They heard the screech of tires and their mother yell “watch out.”

In a flash, a black 1993 Lexus LS400 had pinned Jose Guzman up against a rail in the courtyard of the Egg & I restaurant.

His sister Beatriz Guzman remembered the blood that covered her 4-year-old nephew, trapped under the car, and her mother, who was having trouble breathing because she had suffered broken ribs. A restaurant chair that flipped over the elder Guzman’s back prevented the Lexus from crushing her body, the Guzmans said. Broken glass and debris covered the patio.

“It sounded like a bomb went off,” Jose Guzman said Thursday, more than a year after the crash. “It felt like a movie.”
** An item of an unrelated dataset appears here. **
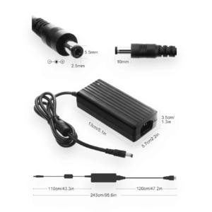 Der medfølger 120 centimeter 230V tilslutningsledning, 110 centimeter DC ledning og et løst DC-hunstik, hvis man ønsker at tilslutte stikfrie ledninger til strømforsyningen

He was at a Las Vegas courthouse for the sentencing of Gage Lindsey, the Las Vegas driver who plowed into the restaurant and injured 10 people — including seven from the Guzman family.

District Judge Valerie Adair ordered Lindsey, who admitted to being under the influence of prescription drugs, marijuana and “spice,” a synthetic form of marijuana, at the time of the crash, to serve six to 20 years in prison.

Lindsey was driving his mother’s car at about 12:30 p.m. April 1, 2013, when he struck a median at Sahara Avenue near Decatur Boulevard, slammed into two other vehicles and crashed into the crowded restaurant.

Beatriz Guzman, of California, was visiting her brother for the Easter weekend. They had just ordered lunch but had not yet eaten.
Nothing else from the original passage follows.